**The records**
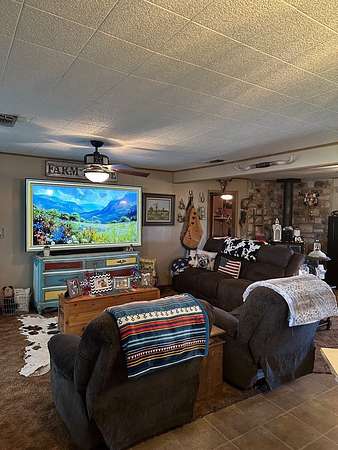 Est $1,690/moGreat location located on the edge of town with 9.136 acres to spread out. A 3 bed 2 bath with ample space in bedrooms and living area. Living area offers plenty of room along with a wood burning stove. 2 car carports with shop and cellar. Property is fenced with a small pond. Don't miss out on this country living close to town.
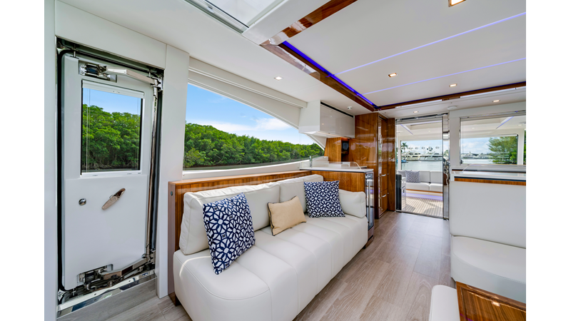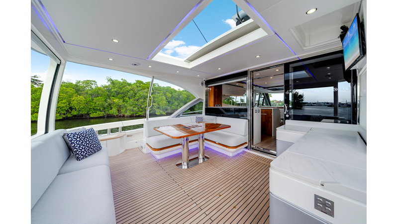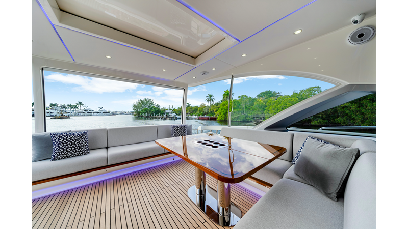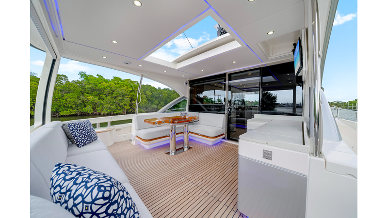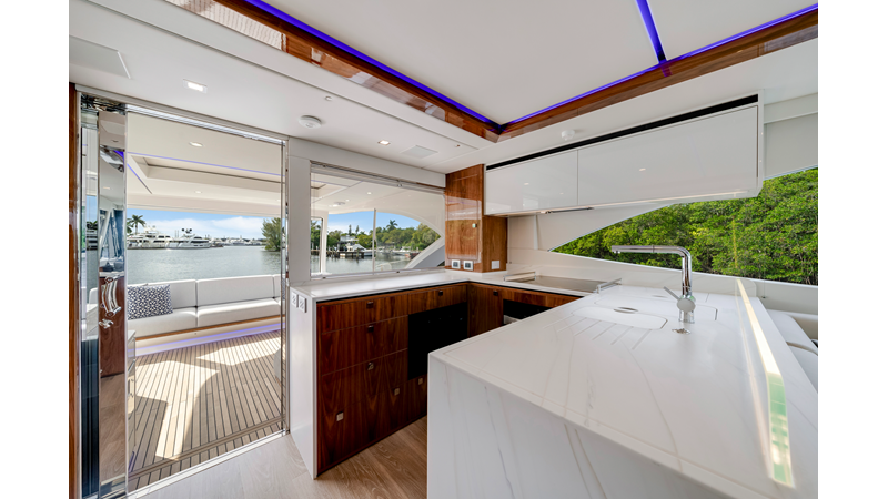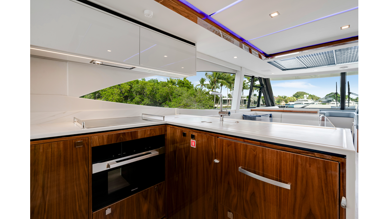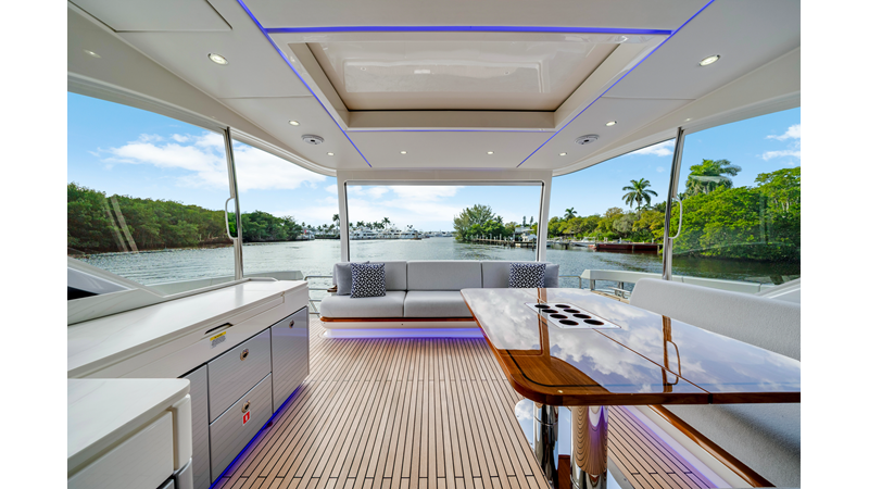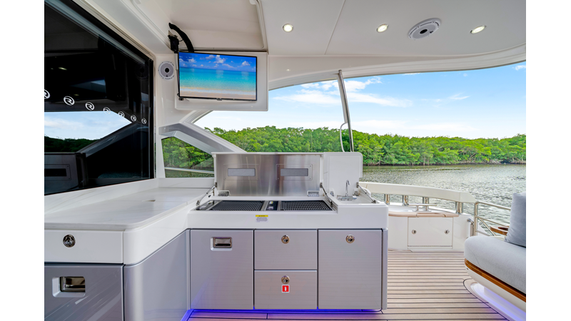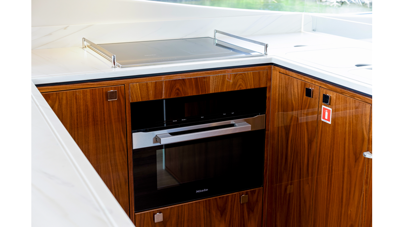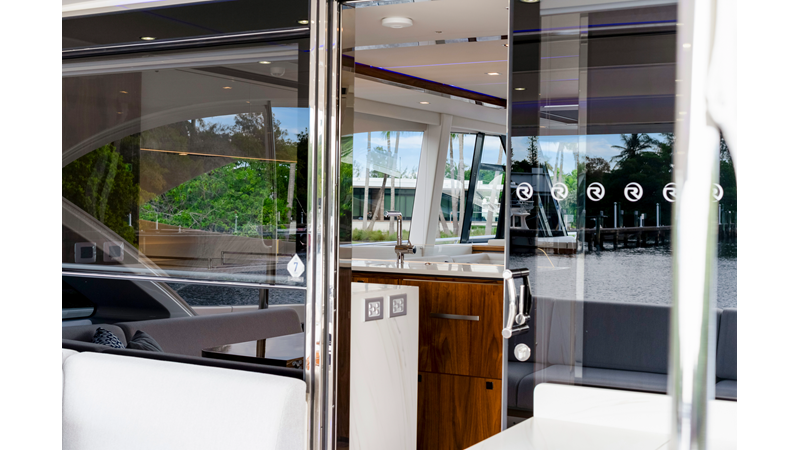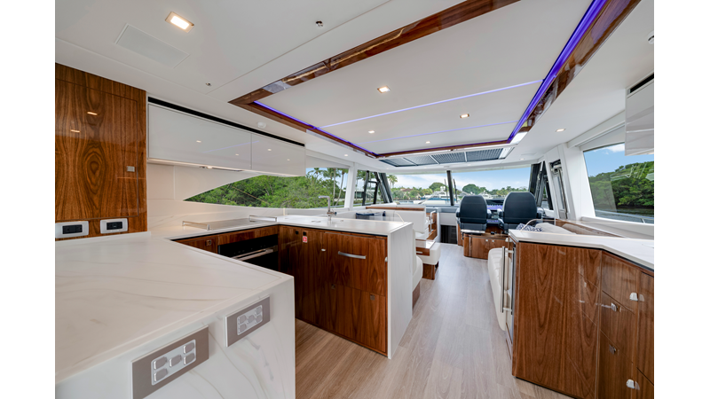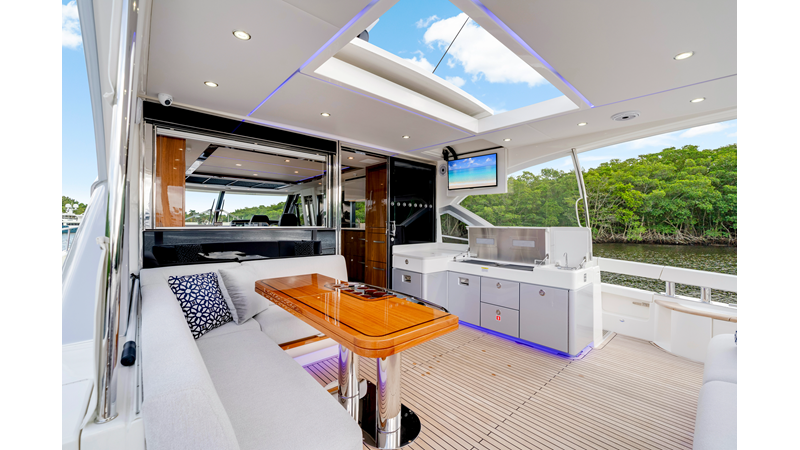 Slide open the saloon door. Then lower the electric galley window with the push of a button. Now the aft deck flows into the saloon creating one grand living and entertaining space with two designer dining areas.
...
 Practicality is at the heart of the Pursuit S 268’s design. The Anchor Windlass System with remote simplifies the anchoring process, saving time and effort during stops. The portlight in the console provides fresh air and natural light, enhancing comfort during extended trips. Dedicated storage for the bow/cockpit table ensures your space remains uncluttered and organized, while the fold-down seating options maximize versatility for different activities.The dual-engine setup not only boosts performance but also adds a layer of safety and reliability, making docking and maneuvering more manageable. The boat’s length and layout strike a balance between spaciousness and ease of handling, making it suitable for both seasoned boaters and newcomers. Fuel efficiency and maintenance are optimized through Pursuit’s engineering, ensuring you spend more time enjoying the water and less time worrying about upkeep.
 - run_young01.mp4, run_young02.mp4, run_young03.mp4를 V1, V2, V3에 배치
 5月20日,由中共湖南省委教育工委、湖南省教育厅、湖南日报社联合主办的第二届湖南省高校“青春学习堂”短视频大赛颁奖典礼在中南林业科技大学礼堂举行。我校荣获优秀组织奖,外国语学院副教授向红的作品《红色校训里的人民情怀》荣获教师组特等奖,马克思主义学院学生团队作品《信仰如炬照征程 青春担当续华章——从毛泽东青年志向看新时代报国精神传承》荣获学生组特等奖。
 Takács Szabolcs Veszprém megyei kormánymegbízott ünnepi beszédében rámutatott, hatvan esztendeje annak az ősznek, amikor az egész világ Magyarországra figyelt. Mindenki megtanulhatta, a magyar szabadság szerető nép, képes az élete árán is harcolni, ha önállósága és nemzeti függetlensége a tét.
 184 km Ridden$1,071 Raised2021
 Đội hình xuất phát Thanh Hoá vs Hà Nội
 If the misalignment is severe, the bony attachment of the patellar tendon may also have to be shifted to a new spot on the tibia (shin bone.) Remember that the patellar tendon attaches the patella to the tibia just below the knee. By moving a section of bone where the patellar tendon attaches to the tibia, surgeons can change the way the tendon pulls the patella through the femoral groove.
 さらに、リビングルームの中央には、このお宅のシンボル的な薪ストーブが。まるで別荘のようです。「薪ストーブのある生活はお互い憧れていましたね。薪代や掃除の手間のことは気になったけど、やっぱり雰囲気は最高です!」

**Task goal**
Extract each line from the listing that holds the word "also".

**Written answer**
 Practicality is at the heart of the Pursuit S 268’s design. The Anchor Windlass System with remote simplifies the anchoring process, saving time and effort during stops. The portlight in the console provides fresh air and natural light, enhancing comfort during extended trips. Dedicated storage for the bow/cockpit table ensures your space remains uncluttered and organized, while the fold-down seating options maximize versatility for different activities.The dual-engine setup not only boosts performance but also adds a layer of safety and reliability, making docking and maneuvering more manageable. The boat’s length and layout strike a balance between spaciousness and ease of handling, making it suitable for both seasoned boaters and newcomers. Fuel efficiency and maintenance are optimized through Pursuit’s engineering, ensuring you spend more time enjoying the water and less time worrying about upkeep.
 If the misalignment is severe, the bony attachment of the patellar tendon may also have to be shifted to a new spot on the tibia (shin bone.) Remember that the patellar tendon attaches the patella to the tibia just below the knee. By moving a section of bone where the patellar tendon attaches to the tibia, surgeons can change the way the tendon pulls the patella through the femoral groove.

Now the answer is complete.